4. analyze() wrapper

function SMLMAnalysis.analyze(smld::BasicSMLD, cfg::SpatialFilterConfig;
                              outdir = nothing, step_number::Int = 0,
                              verbose::Int = Verbosity.STANDARD, kwargs...)
    t = @elapsed (out, sf_info) = spatialfilter_step(smld, cfg;
        outdir = outdir, step_number = step_number, verbose = verbose)
    (out, StepInfo(step_number, cfg, t, SMLMAnalysis._step_summary(sf_info); info = sf_info))
end

The trailing kwargs... is required: the orchestrator passes context keywords (outdir, step_number, verbose, checkpoint, and occasionally others) to every step, and yours must accept the ones it does not use.

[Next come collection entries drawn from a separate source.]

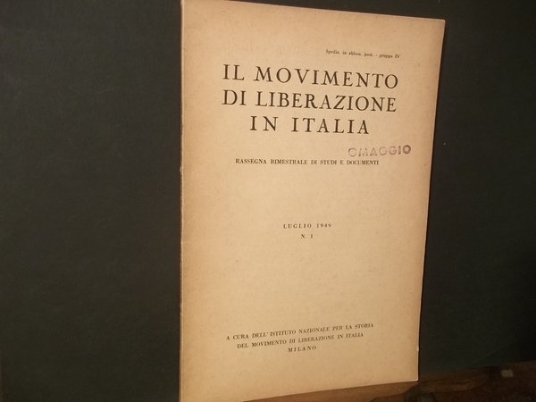 A CURA DEL MOVIMENTO NAZIONALE PER LA STORIA DEL MOVIMENTO DI LIBERAZIONE IN ITALIA- LUGLIO 1949 N. 1 - BROSSURA 24 X 16 PP. 63 BUONE CONDIZIONI, INGIALLIMENTO FISIOLOGICO, TIMBRO AL PIATTO.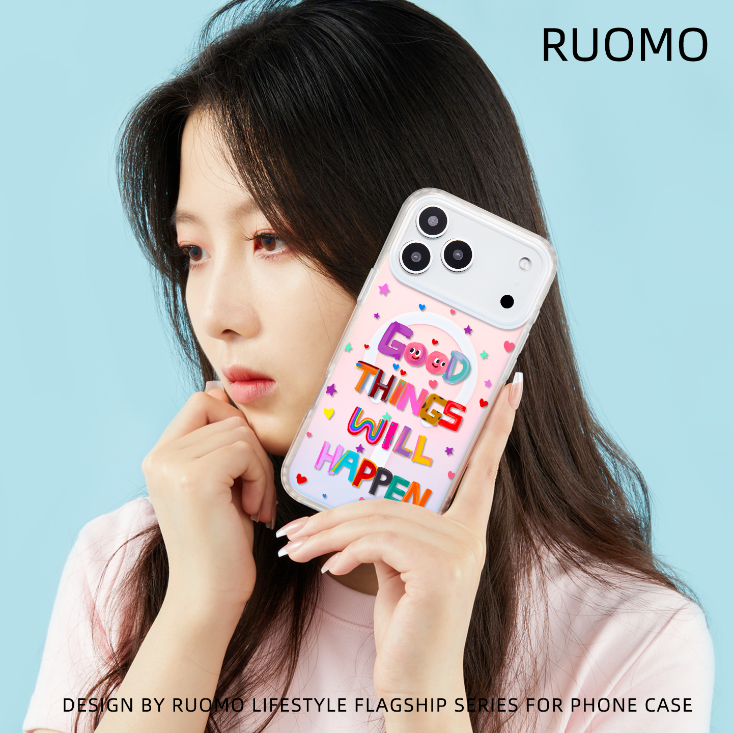 若墨适用苹果17promax手机壳iphone16pro新款女15镭射14磁吸带挂绳13超好看原创多巴胺彩色字母12防摔外壳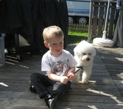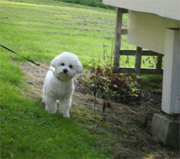 sammen med matmor Eva og er blitt skikkelig gårds hund på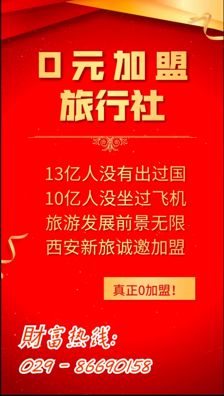 旅行社簡介: 西安新旅國際社地處西安鐘樓商圈,是一家綜合性旅游企業(yè)。先后組織接待了眾多大型旅游團(tuán)隊(duì),得到國內(nèi)外游客和同行的好評!近年來企業(yè)規(guī)模不斷壯大,分公司遍布四川、甘肅、新疆、陜西、內(nèi)蒙、青海、貴州等省。主營濱海度假、草原休閑、山岳探險(xiǎn)、鄉(xiāng)村民俗、紅色旅游線路等。其中紅色旅游線路涵蓋省內(nèi)所有紅色景點(diǎn)及省外主要紅色景區(qū),接待并服務(wù)過近百家企事業(yè)單位。我社將繼續(xù)開發(fā)設(shè)計(jì)高質(zhì)量旅游產(chǎn)品并提供全方位、多元化、高層次的服務(wù)。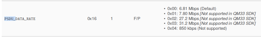 - The QM33120W datasheet mentions that it supports 850kpbs data rate. I know that the default psdu_data_rate supporting is 6.81Mbps, but I am not able to come across the option to change the PSDU_DATA_RATE.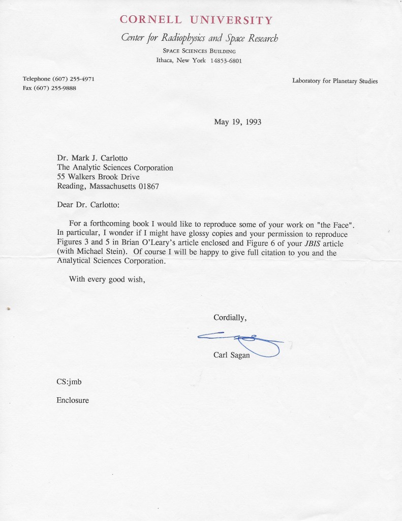Although Sagan never thought the Face could be anything other than an eroded mesa he did offer this: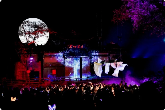 晚上:前往车溪景区感受梦回车溪夜游风情,参与寻找嫦娥、体验古时市井烟火气等活动。观看嫦娥仙子翩翩起舞,感受天上宫阙的绝美舞姿。参与汉服巡游放河灯,许下中秋心愿。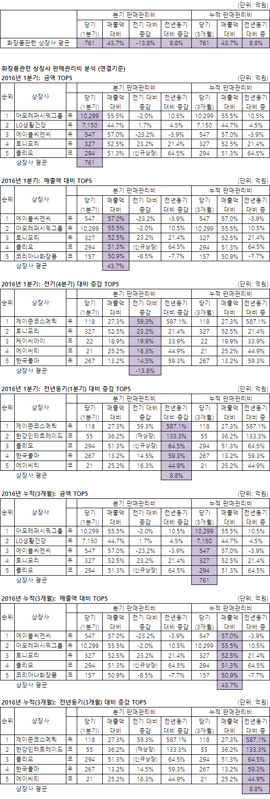 금액 부문은 아모레퍼시픽이 1위를 차지했고 매출액 대비 비중 부문은 에이블씨엔씨가 수위에 올랐다. 전기(16년 4분기) 및 전년 동기 대비 가장 높은 상승률은 보인 곳은 마스크팩 전문기업 제이준코스메틱이었다. <편집자 주>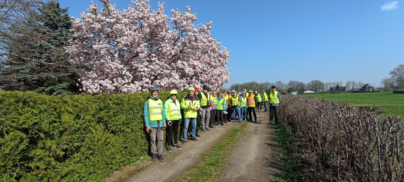 Von Orsoy aus ging es grob westwärts nach Vierbaum. Hier haben wir nach rund 18 Kilometern die erste kleine Pause abgehalten. Als es dann an die Weiterfahrt ging, passierten wir nach wenigen Metern ein Gehöft mit einem äußerst prächtig blühenden Kirschbaum. Das haben wir uns natürlich nicht nehmen lasse, ein Gruppenbild unter diesem Baum zu machen.
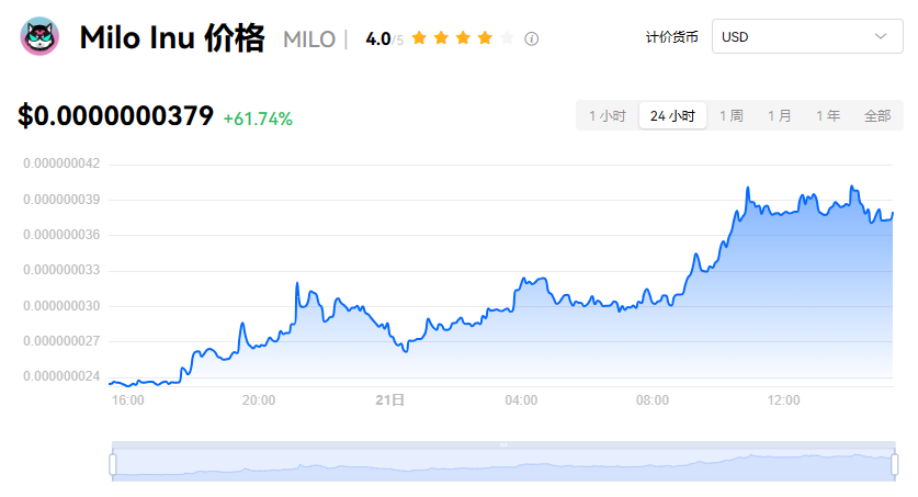Milo Inu 当前价格为 $0.0000000379。Milo Inu 的价格在过去 24 小时内上涨了 61.74%。目前,Milo Inu 市值排名为第 265 名,实时市值为 $1,131.61万,流通供应量为 296,700,000,000,000 MILO,**供应量为 690,000,000,000,000 MILO。我们会实时更新 Milo Inu/USD 的价格。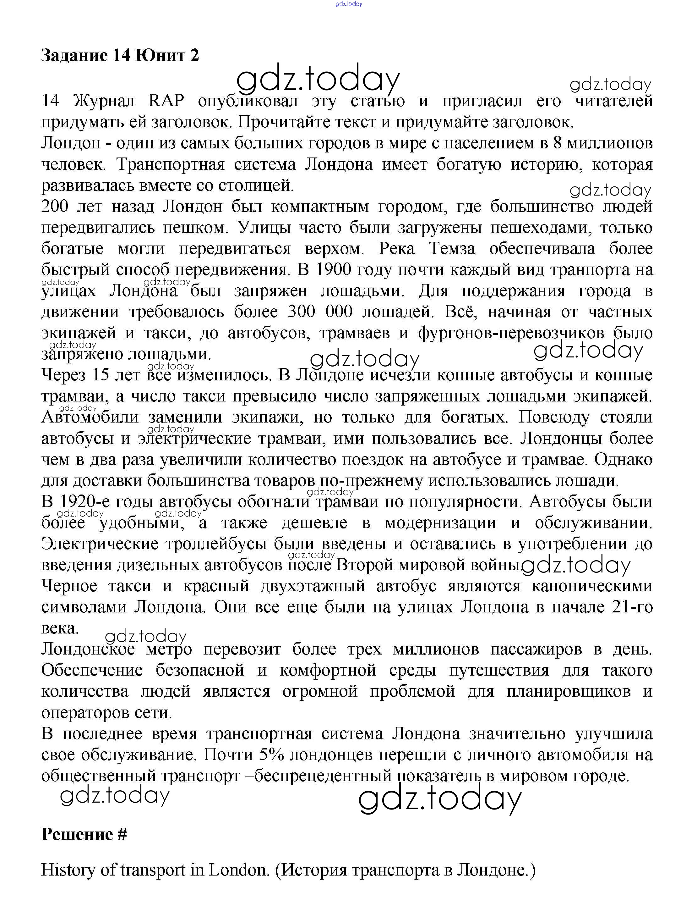 На страницах сайта gdz.today вы найдете учебный и вспомогательный материал, направленный на улучшения знаний школьной программы. ГДЗ - онлайн мир знаний Решение к Unit 2. The best way to get to school Часть 1 14 Учебнику по Английскому языку для 7 класса Вербицкая, Гаярделли Вентана-граф Forward 2017

Wrapping an upstream package

A step that wraps an existing (result, info)-returning function is even thinner — the work function is the upstream call. This is exactly how the Clustering step wraps SMLMClustering.cluster, Drift Correction wraps SMLMDriftCorrection.driftcorrect, and Bayesian Grouping wraps SMLMBaGoL.run_bagol. Follow the "upstream owns the config" idiom: alias the upstream config (const YourConfig = ThatPkg.Config) and dispatch your analyze() method on it directly rather than re-declaring its fields.

Contributing a step upstream

If your step is generally useful and you want it in SMLMAnalysis itself, the in-repo recipe is the same five pieces, plus: put the work function in src/steps/yourstep.jl, include and export it from src/SMLMAnalysis.jl, add a docstring and an API Reference entry, and add a step page under Pipeline Steps. See CONTRIBUTING for the full checklist.